Constantly training puts your body under a large amount of stress. Over time, it is common to go into stages of overtraining. This puts your body at a higher risk for injury among many other things. Put simply, your body needs time to recover otherwise you won’t keep seeing increases in performance.
There are a few ways to monitor recovery. The one that Force Barbell takes advantage of the most is BioForce HRV (heart rate variability). Without going into too much detail, BioForce HRV allows us to objectively measure the readiness of an athlete to train. Rather than just asking “How are you feeling?” we have data that tells us whether the athlete is good to go all out, needs to train at a reduced intensity, or just needs to go home and sleep.

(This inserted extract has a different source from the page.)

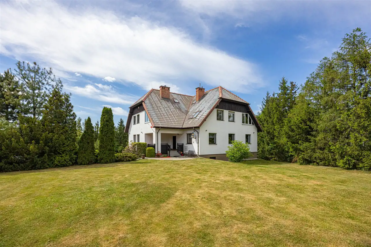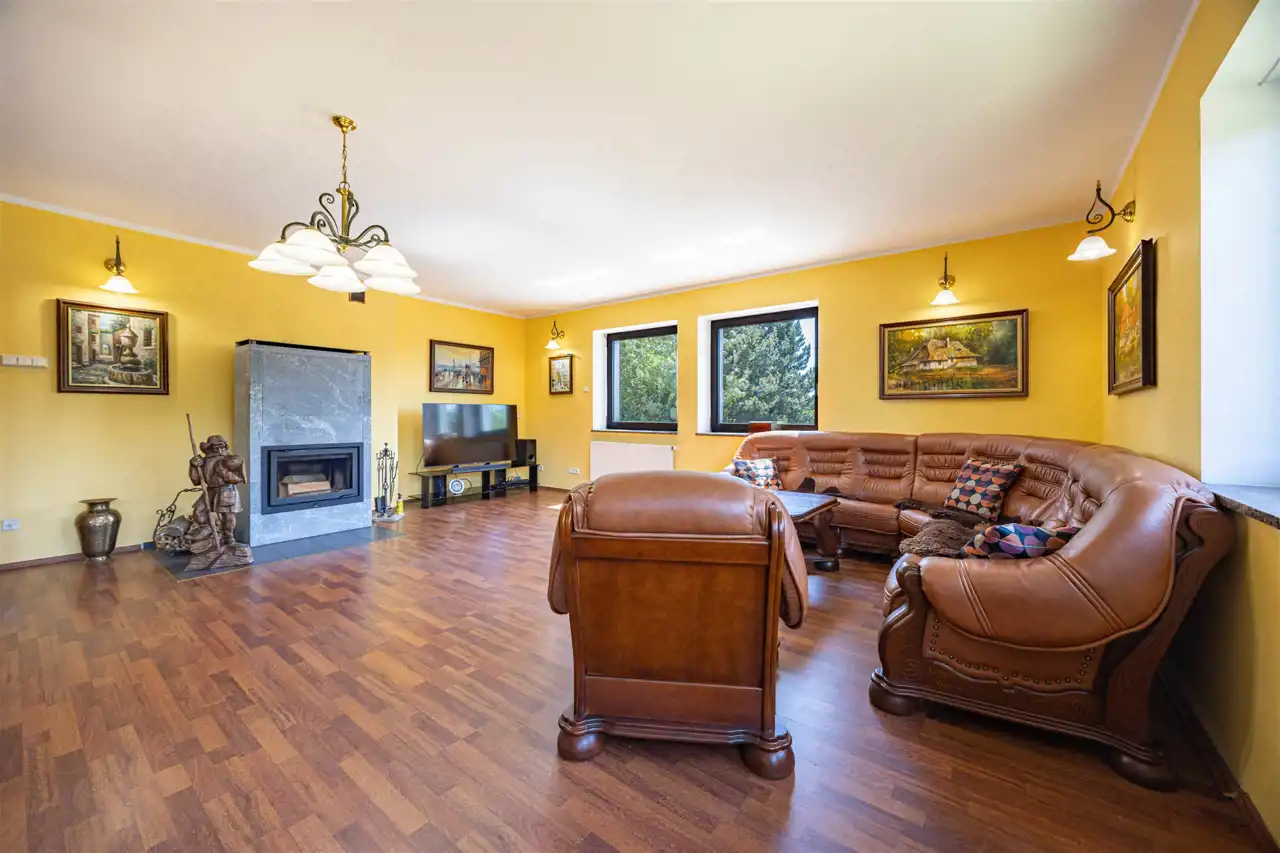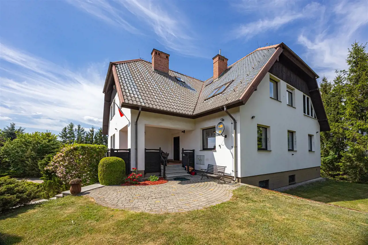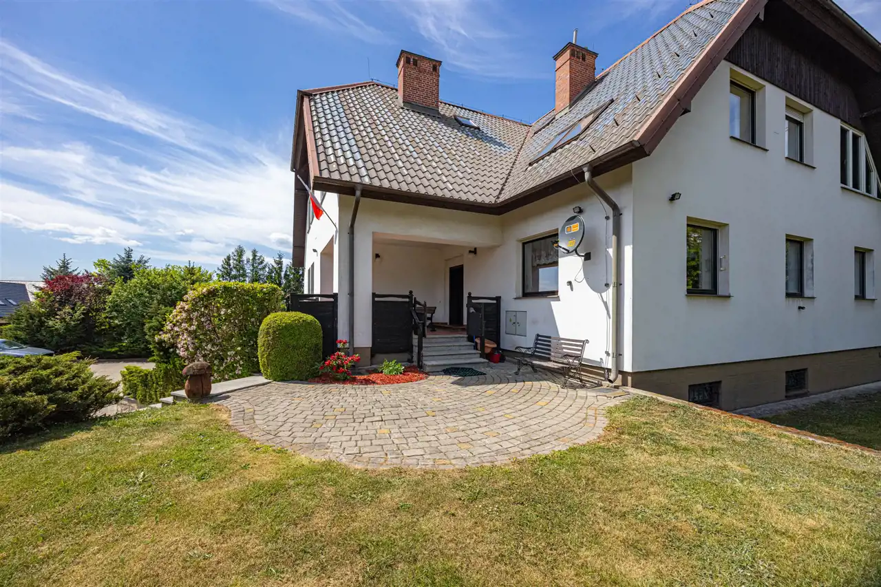 We offer for sale a functional, spacious house with a usable area of 474 m², situated on a landscaped plot with numerous plantings of 5611 m². The plot is located in a quiet and picturesque area with views of the mountain ranges and green areas. The property was built in 1999, continuously modernized and refreshed. The layout of the house and the applied architectural solutions make the property an ideal product for a multi-generational family or for investment (e.g., rental rooms). This property is for demanding clients who will find everything they need to create an oasis of peace.

We can also use something called the Tendo unit. With this, we can measure the speed at which the bar is moving. If we know that you are moving a certain weight at a certain speed when you come in one week, then the next week you can only move 20 pounds less than that at that same speed, there is a good chance you are fatigued. Seeing that objective data, the coach can determine what the athlete should do; either train at a reduced intensity or just take the day off.
By monitoring recovery, we are focusing on the most important aspect of training. Keep in mind that more is not always better. Even in CrossFit, you need the mentality that everyone needs a break every once in a while. Recovery is part of the training process. Training doesn’t end with the last rep of the last set. Doing a workout just to do a workout is not what is going to get you the best results. By allowing your body to recover and having a solid training program you will recover faster, feel better, increase performance and keep competing for years to come.